YourKiss (YKS) is a cryptocurrency project launched in 2021, designed to facilitate social interactions and connections through a blockchain-based platform. The primary purpose of YourKiss is to create a decentralized ecosystem that rewards users for engaging with content and each other, addressing the need for more meaningful social experiences in the digital space. The project operates on the Ethereum blockchain, utilizing smart contracts to enable secure and transparent transactions. Its native token, YKS, serves multiple functions within the ecosystem, including transaction fees, rewards for user engagement, and governance, allowing holders to participate in decision-making processes related to the platform's development. YourKiss stands out for its focus on enhancing social connectivity and user engagement through blockchain technology, positioning it as a unique player in the intersection of social media and cryptocurrency. By incentivizing interactions and fostering community, YourKiss aims to redefine how users connect and share value in the digital realm.

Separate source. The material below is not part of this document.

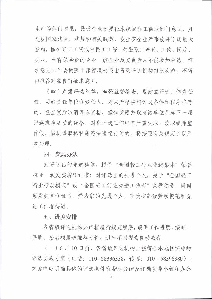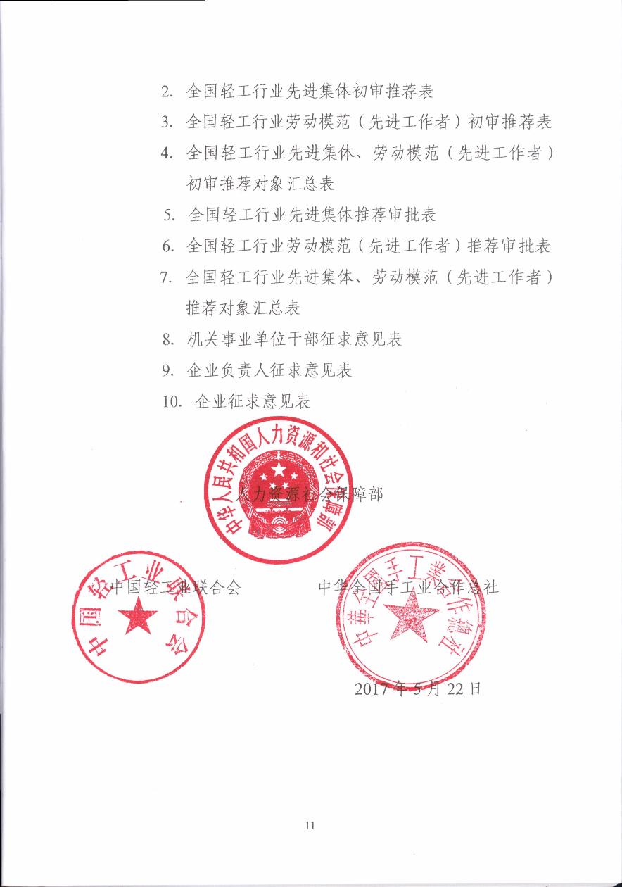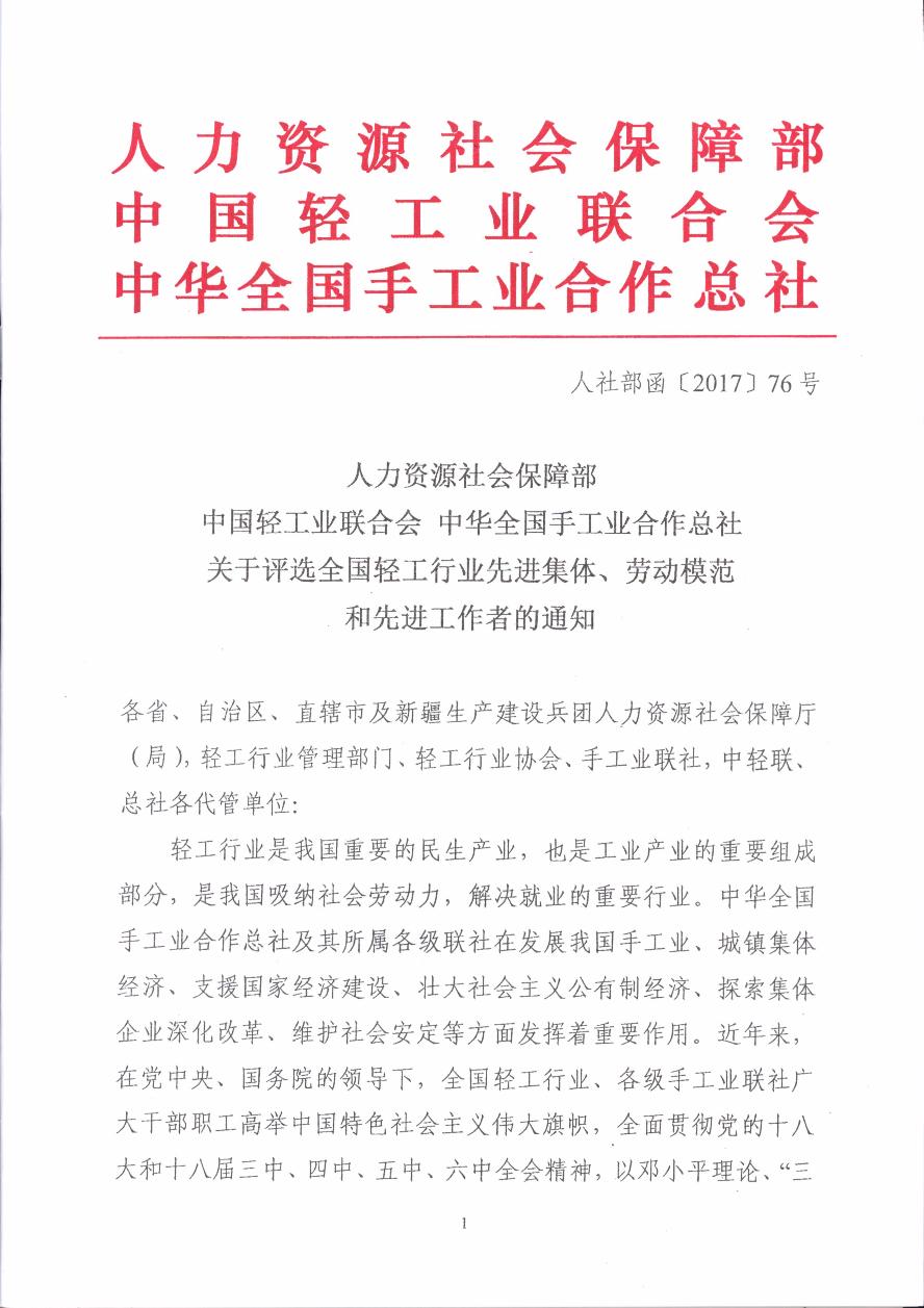 人力資源社會保障部 中國輕工業(yè)聯(lián)合會 中華全國手工業(yè)合作總社 關(guān)于評選全國輕工行業(yè)先進集體、勞動模范 和先進工作者的通知

When and how did YourKiss start?
YourKiss originated in March 2021 when the founding team released its whitepaper, outlining the project's vision and technical framework. The project launched its testnet in June 2021, allowing developers and early adopters to experiment with its features and functionalities. Following the successful testing phase, the mainnet was launched in September 2021, marking its official entry into the market. Early development focused on creating a user-friendly platform that integrates social interaction with blockchain technology, aiming to enhance user engagement and community building. The initial distribution of the YourKiss token occurred through a fair launch model in October 2021, which allowed participants to acquire tokens without the constraints of traditional fundraising methods. These foundational steps established the groundwork for YourKiss’s growth and the development of its ecosystem.
What’s coming up for YourKiss?
According to official updates, YourKiss is preparing for a significant protocol upgrade aimed at enhancing user experience and scalability, scheduled for Q1 2024. This upgrade will introduce new features designed to improve transaction speeds and reduce fees, making the platform more accessible to users. Additionally, YourKiss is working on a strategic partnership with a prominent blockchain project, expected to be finalized by mid-2024, which will facilitate cross-platform integrations and broaden the ecosystem's reach. These initiatives are part of a broader roadmap focused on increasing the platform's utility and user engagement, with progress being tracked through their official channels.
What makes YourKiss stand out?
YourKiss distinguishes itself through its innovative use of a Layer 2 scaling solution, which enhances transaction throughput and reduces latency significantly compared to traditional blockchain architectures. This design allows for faster and more efficient transactions, catering to high-demand applications. Additionally, YourKiss incorporates a unique consensus mechanism that combines proof-of-stake with delegated governance, enabling a more democratic decision-making process within its ecosystem. This governance model empowers token holders to participate actively in protocol upgrades and community initiatives, fostering a strong sense of ownership and engagement. The ecosystem is further enriched by strategic partnerships with various DeFi platforms and NFT marketplaces, enhancing interoperability and expanding use cases for the YourKiss token. These collaborations not only bolster the utility of YourKiss but also position it as a key player in the evolving landscape of decentralized finance and digital assets. Overall, the combination of advanced technology, a robust governance framework, and a collaborative ecosystem sets YourKiss apart in the competitive crypto space.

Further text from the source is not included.